1. The IGBT module was damaged due to poor heat dissipation.
The frequency converter suddenly emitted an explosive sound during operation, and the external fuse blew. Disassembly revealed that the inverter's IGBT module was damaged. Testing of the relevant circuit boards showed that the IGBT trigger circuit was damaged, while other circuit boards tested normal. During disassembly, the power board and current detection board were found to be covered in oil and dust. Opening the inverter's heatsink fan revealed that the heatsink was also covered in oil and debris, completely blocking the airflow channels. Therefore, it was deduced that the inverter's IGBT module was damaged due to poor heat dissipation.
Repair Process: First, completely disassemble the inverter, remove the heat sink from the heat dissipation channel, and clean the heat sink with compressed air. Simultaneously, clean all internal structural components and circuit boards of the inverter. Install the IGBT module, following the module's requirements and installing it in the correct order with appropriate torque. Repair the trigger circuit, and then install the other components in sequence. After installation, perform a static test. If the static test results are satisfactory, perform a power-on test and a load test. If the load test is passed, the repair is successfully completed.

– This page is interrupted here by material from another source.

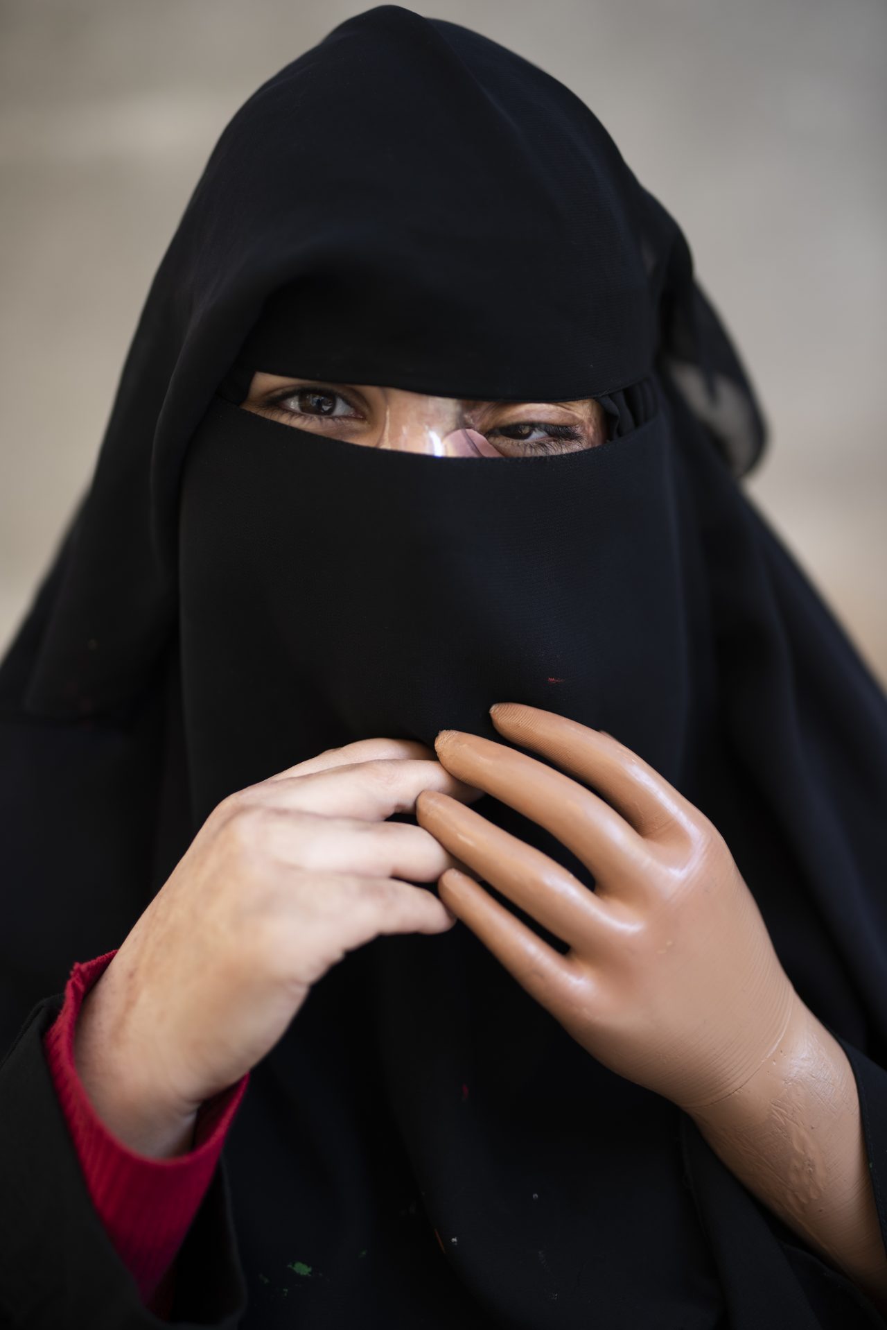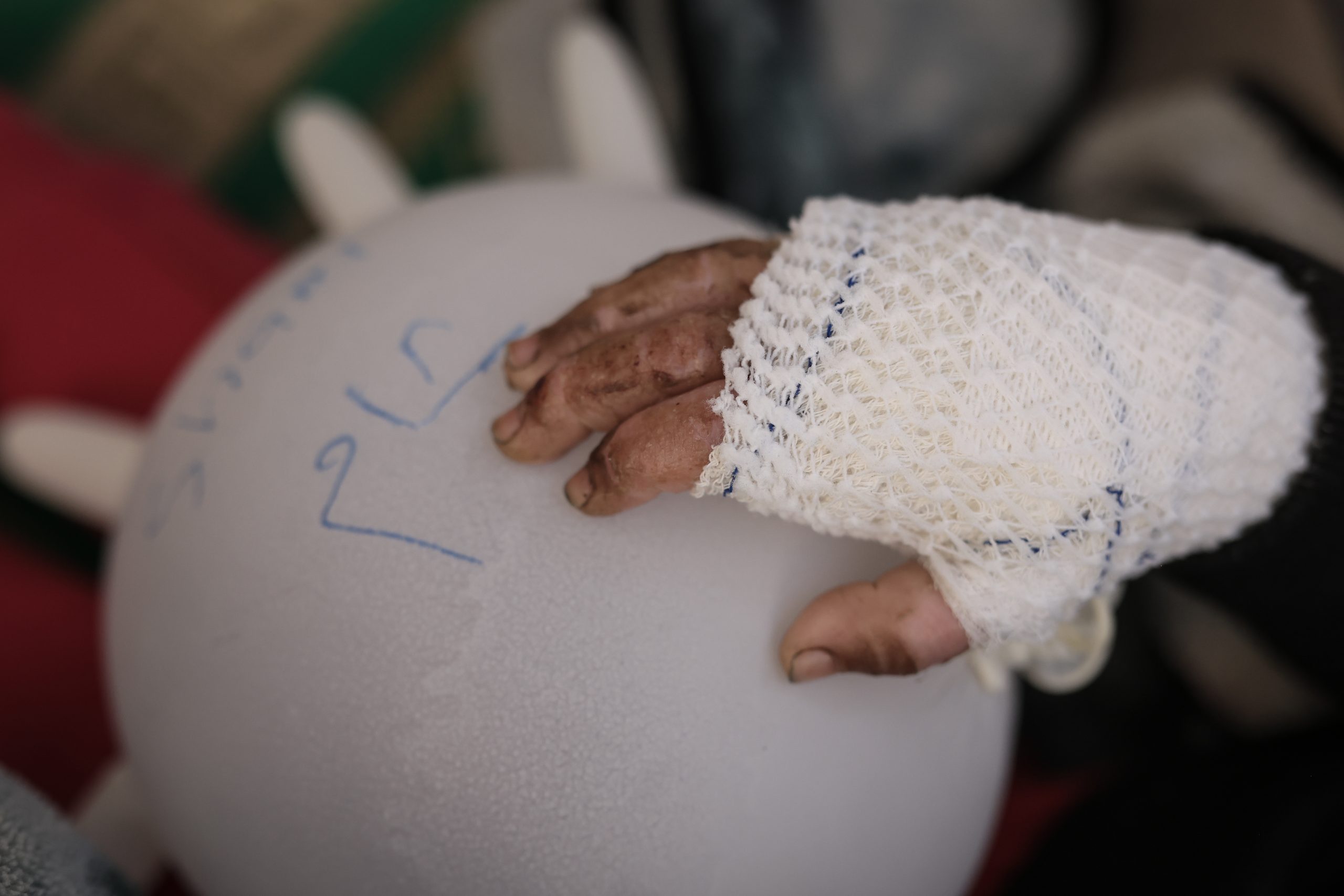 - Aisha (14), Yemen. Aisha was 6 months old when a candle fell onto the mattress where she was sleeping. Her family assumed she was dead until they heard her cries. Since 2015, over 13 power stations have been damaged across Yemen due to war, leading many families to depend on candlelight. Aisha received injuries to her head, face, and hands, which resulted in limb amputation and years-long treatment. She has been treated in several stages at the MSF hospital in Amman. Aisha is an artist: she draws, knits, and makes accessories. The first time I met Aisha, she was wearing a Yemeni dress splattered with paint. We were at the hospital’s art school with Mais, a mental health counsellor. MSF hospital, Amman, Jordan. May 2024. ©Rehab Eldalil/MSF

Experience Summary: Based on the repair experience of several frequency converters of different models and under different operating environments, the main cause of IGBT module failure in frequency converters is the harsh operating environment, which leads to damage to electronic components on the gate drive card and blockage of the frequency converter's heat dissipation channels. The most easily damaged components are the Zener diode and optocoupler. To check for problems in the drive circuit, compare the resistance of each trigger terminal when the power is off. Measure the voltage waveform at the trigger terminals when the power is on. However, some frequency converters cannot be powered on without the module installed. In this case, connect a dummy load in series with the module's P terminal to prevent accidental contact with the trigger terminals or other circuits during inspection, which could burn out the module.
2. Simple Measurement Methods for IGBT Modules
An imbalance in the inverter's output voltage manifests as motor vibration and unstable speed. Without experience, it's difficult to determine which drive circuit is faulty. In this case, start the inverter at 2Hz and use a multimeter in DC voltage mode to measure the voltage values of pu, PV, PW, and un, vn, and wn respectively. These six voltages will differ; the one with the higher voltage indicates a problem. You can draw a diagram to analyze the principle. For IGBT modules, we introduce the simplest measurement method (not the professional method): Set the digital multimeter to diode test mode and test the forward and reverse diode characteristics between C1, E1, C2, and E2 of the IGBT module, and between the gate g and E1 and E2, to determine if the IGBT module is intact. Take a six-phase module as an example. Disconnect the wires from phases u, v, and w on the load side. Using a diode tester, connect the black probe to phase p (collector C1) and measure u, v, and w sequentially with the red probe. The multimeter should display an infinite value. Reverse the probes, connecting the red probe to p and measuring u, v, and w with the black probe. The multimeter should display a value of approximately 400. Next, connect the black probe to phase n (emitter E2) and measure u, v, and w with the red probe. The multimeter should display a value of approximately 400. Connecting the red probe to p and measuring u, v, and w with the black probe should display an infinite value. The forward and reverse characteristics of each phase should be identical. If a difference occurs, it indicates a deterioration in the IGBT module's performance, and it should be replaced.